Если же мы устраним соревнование из греческой жизни, перед нами тотчас предстанет догомеровская бездна с ужасной, дикой ненавистью и жаждой уничтожения. Этот феномен, к сожалению, проявлялся нередко, когда выдающаяся личность, благодаря большому, блестящему делу, вдруг исключалась из состязания и становилась, согласно собственному суждению и суждению своих сограждан, hors de concours143. Последствия этого, почти без исключения, самые ужасные; обыкновенно из этих последствий выводят заключение, что грек был не в состоянии переносить славу и счастье, но вернее сказать, он не мог переносить славы без дальнейшего состязания и счастья как венца состязания. Ярким примером служит судьба Мильтиада. Несравненный успех при Марафоне поставил его на исключительную высоту, выше всех его соратников: и вот он чувствует, как в нем пробуждается низкая мстительная страсть, направленная против одного паросского жителя, с которым он находился во вражде с юных лет. Для удовлетворения этой страсти он злоупотребляет своей славой, своей государственной властью, своей честью гражданина и сам обесчещивает себя. Сознавая неудачу, он пускается на недостойные махинации. Он вступает в тайную и нечестивую связь с жрицей Деметры Тимо и хочет войти ночью в священный храм, куда не допускается ни один мужчина. Но когда он, перепрыгнув стену, приближается к святилищу богини, его вдруг охватывает чувство панического страха: обезумевший, он чувствует, что его гонят прочь, и, снова перепрыгивая через стену, падает разбитый и тяжело раненный. Приходится снять осаду, народный суд ожидает его, а позорная смерть кладет свою печать на блестящий геройский жизненный путь, чтобы омрачить его перед всем потомством144. Зависть небожителей ранила его после Марафонской битвы. И эта зависть богов разгорается все сильнее при виде человека, который остался без соперников на исключительной высоте славы. Наравне с ним теперь одни лишь боги – и потому они против него. Они склоняют его к спесивому поступку
Заметим еще, что так, как гибнет Мильтиад, гибли благороднейшие греческие государства, когда на ристалище, благодаря заслугам и удаче, они достигали храма Нике. Афины, уничтожившие независимость своих союзников и жестоко подавлявшие восстания покоренных, Спарта, после Эгоспотамской битвы145 еще более жестоко и неумолимо доказывавшая свой перевес над Элладой – тоже по примеру Мильтиада довели себя до гибели через спесивые деяния; все это – доказательство того, что без зависти, ревности и честолюбия в состязании эллинское государство, как и эллинский человек, вырождается. Оно становится злым и жестоким, оно становится мстительным и нечестивым, короче говоря, «догомеровским», и тогда достаточно панического страха, чтобы привести его к падению и гибели. Спарта и Афины отдаются Персии, как это сделали Фемистокл и Алкивиад; они изменили эллинству, отказавшись от благороднейшей коренной эллинской идеи состязания; и Александр, грубая и усеченная копия греческой истории, создает вселенского эллина и так называемый «эллинизм».

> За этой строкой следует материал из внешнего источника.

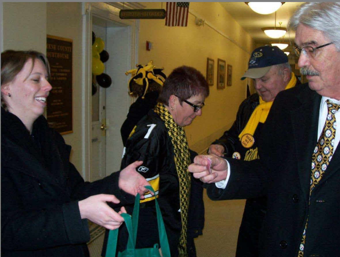
Greene County Commissioners ... reading out the ticket numbers for the 3 basket winners!
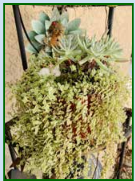
Sedum 'Little Missy' and Dudleya
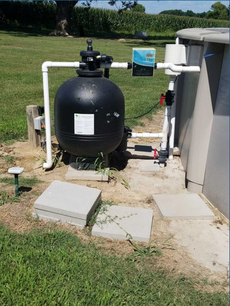
This shows what your pump and filter might look like. Notice that there is some dirt on the ground where there used to be grass. This is common, and most homeowners plant grass seed after construction.

If you have an existing deck around your pool, we can still install a new pool. The illustrations below show what your new pool may look like following installation. There will be gaps when replacing a pool of a different size. Even when replacing an identical size pool, pool models from different manufacturers often vary slightly in dimensions or number of uprights. This can result in the need for a carpenter to modify your deck before or after the installation.
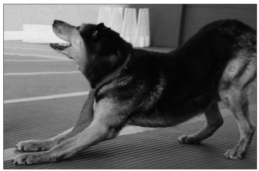
This dog's posture says, "I'd like to play." An officer may approach walking normally.

Dogs respond to us by communicating through their own body postures, facial expressions, and vocalizations. Without staring at it, the officer should look at the entire dog, checking both for behaviors that show the dog is uncomfortable and feeling threatened and for behaviors that signal comfort and friendliness. An officer should look quickly at the whole dog to get an overall impression of the dog's state of mind. Staring at the dog's face should be avoided, as this can create an eye-contact challenge.
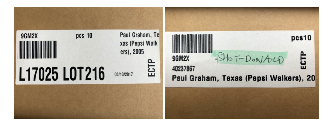
Figure 7 and 8: Sticker of Sotheby's, London, 2017.

Furthermore, it contains four stickers with valuable information. The most important is from Anthony Reynolds Gallery, 60 Great Marlborough Street, London. It contains the artist's name, the title of the work Texas Pepsi Walkers from the series a shimmer of possibility; plate 5", which in this case differs significantly from the title and the year in the photobooks (fig. 6). It dates the sequence back to the year 2005, although the photobook indicates 2006 as the year of creation. Furthermore, the sticker contains information about the size of the photograph, the number of the plate, the size of the edition (Edition of 5 + 1 artist print) and the number of the edition (1/5). Then there are two stickers from Sotheby's London, where the work was auctioned in 2017, containing the lot number 216, the number of sold pieces (pcs 10) (fig. 7) and the name of the photographer, Shot-Donald (fig. 8).
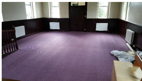
New carpet fitted
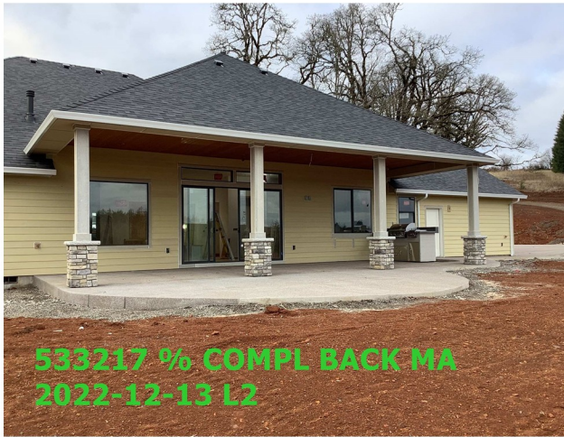
533217 % COMPL BACK MA 2022-12-13 L2

Философия в трагическую эпоху Греции146
Когда мы рассуждаем о людях, от нас отдаленных, нам достаточно знать их цели, чтобы в общем или одобрить, или отвергнуть их. О более близких мы (кроме того) судим по средствам, употребляемым ими для достижения их цели: часто мы осуждаем цели, но любим людей за средства и способы их хотения. Всякие философские системы только для своих основателей представляют неопровержимую истину; всем позднейшим философам они обыкновенно кажутся великой сплошной ошибкой, а заурядные головы видят в них сумму ошибок и истин, в конечной же цели – несомненное заблуждение и потому отвергают их. Многие люди отвергают всякого философа, раз его цель не та самая, что их, собственная; так поступают более отдаленные. Кто же вообще в состоянии радоваться великим людям, тот радуется и таким системам, даже если они совершенно ошибочны: в них все же содержится один вполне неопровержимый пункт – индивидуальное настроение, окраска; ими можно воспользоваться, чтобы создать картину философа, точно так же, как по растению определенного места можно судить о почве. Во всяком случае, данный способ жить и созерцать дела житейские – однажды существовал и, следовательно, он возможен: «система» или, по крайней мере, часть этой системы – произведение этой почвы.